## What is required
Copy each line of the records exactly, stopping only after the line that contains "MEXEN/S - Velar" has been written, and leave pictures out.

---+---

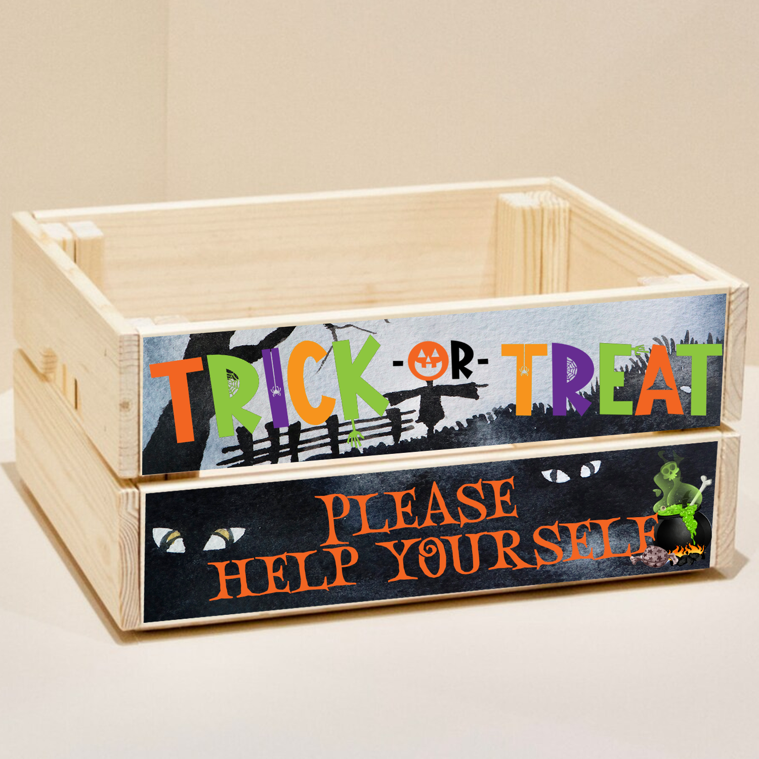Halloween Trick or Treat Wooden Crate - Please Help Yourself Box
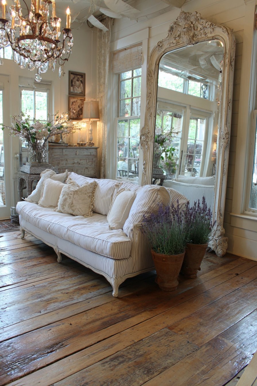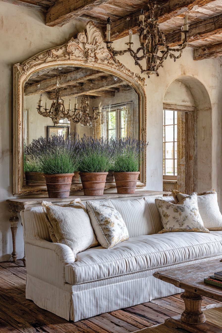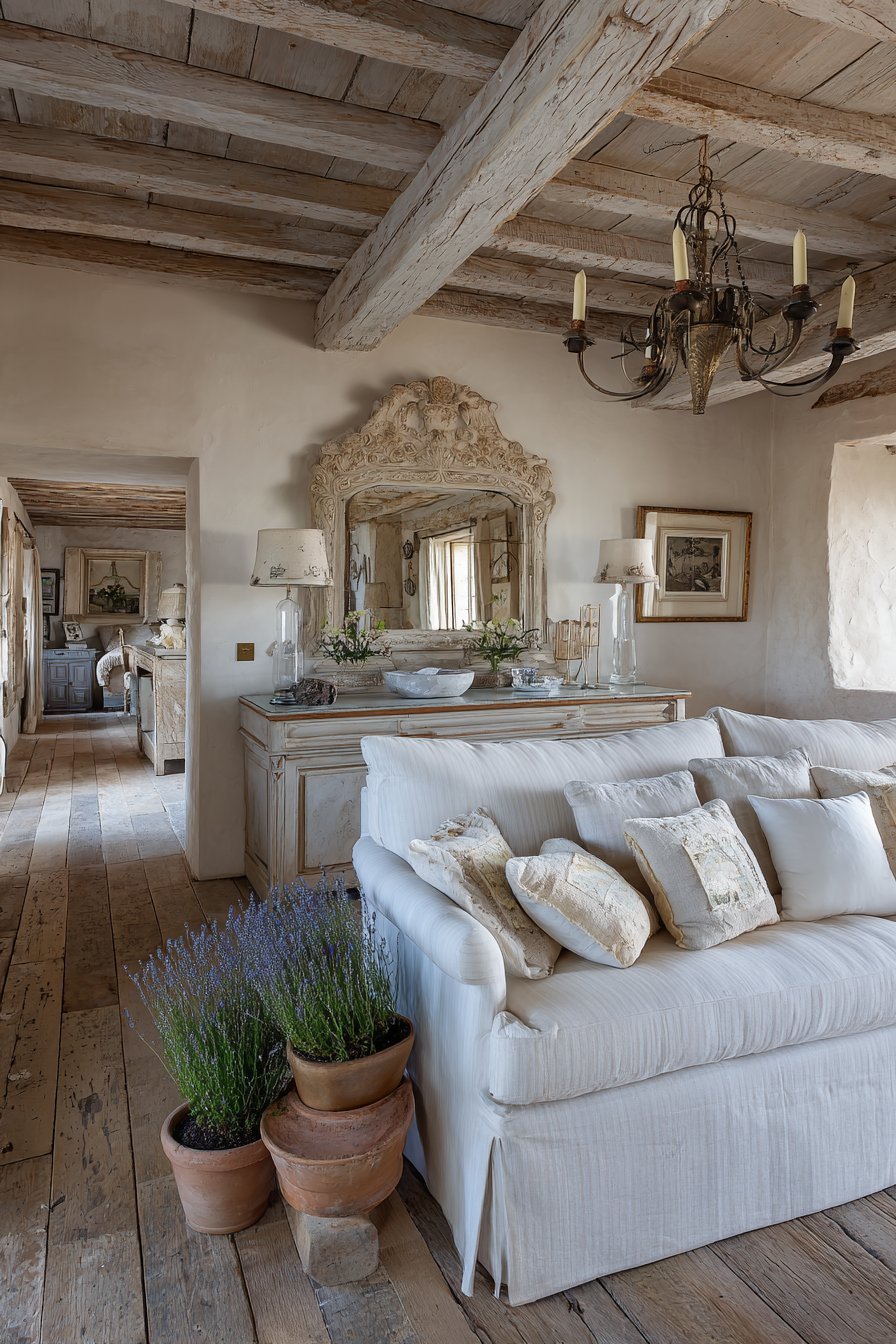 Distressed whitewashed console table beneath holds lavender in terracotta pots. Wide-plank oak flooring features hand-scraped texture underfoot. Toile fabric throw pillows add provincial charm throughout. Soft diffused natural light creates gentle romantic reflections.
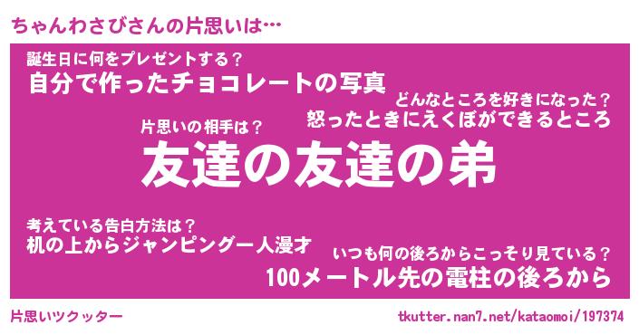 | ヘコむあだ名 | 『ちゃっふぃ~』『つくし』 |
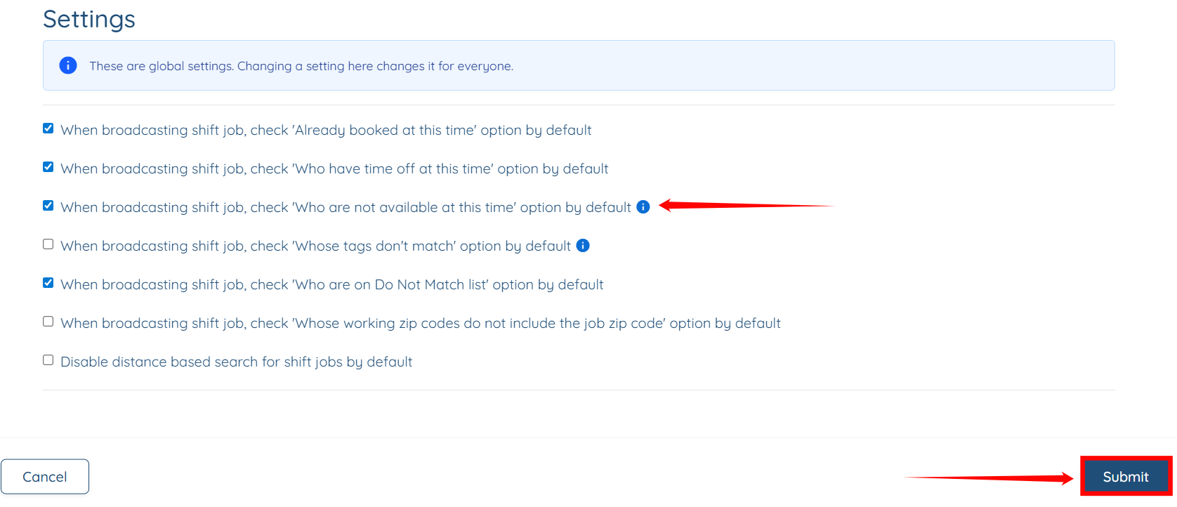 Step 5: Check the When broadcasting shift job, check 'Who are not available at this time' option by default checkbox, and then click the Submit button to save the changes.
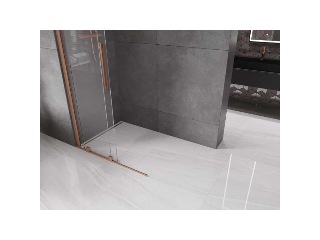 MEXEN/S - Velar posuvné sprchové dveře Walk-in 80, transparent, kartáčovaná měď 871-080-000-03-65
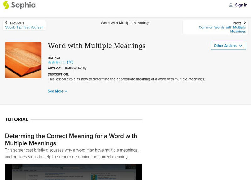 This lesson focuses on determining the correct meaning of a word with multiple meanings. First it explains why words in English have multiple meanings. Then using the word "bear," it provides steps and examples for how to determine the...
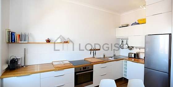 This apartment consists of kitchen close to the living room with wooden floor and all the necessary equipment for your daily life: hob, refrigerator, oven, extractor hood, toaster, kettle, coffee-maker, dining table, cupboard, crockery, 1 chair(s).

---+---

## The answer
Halloween Trick or Treat Wooden Crate - Please Help Yourself Box
 Distressed whitewashed console table beneath holds lavender in terracotta pots. Wide-plank oak flooring features hand-scraped texture underfoot. Toile fabric throw pillows add provincial charm throughout. Soft diffused natural light creates gentle romantic reflections.
 | ヘコむあだ名 | 『ちゃっふぃ~』『つくし』 |
 Step 5: Check the When broadcasting shift job, check 'Who are not available at this time' option by default checkbox, and then click the Submit button to save the changes.
 MEXEN/S - Velar posuvné sprchové dveře Walk-in 80, transparent, kartáčovaná měď 871-080-000-03-65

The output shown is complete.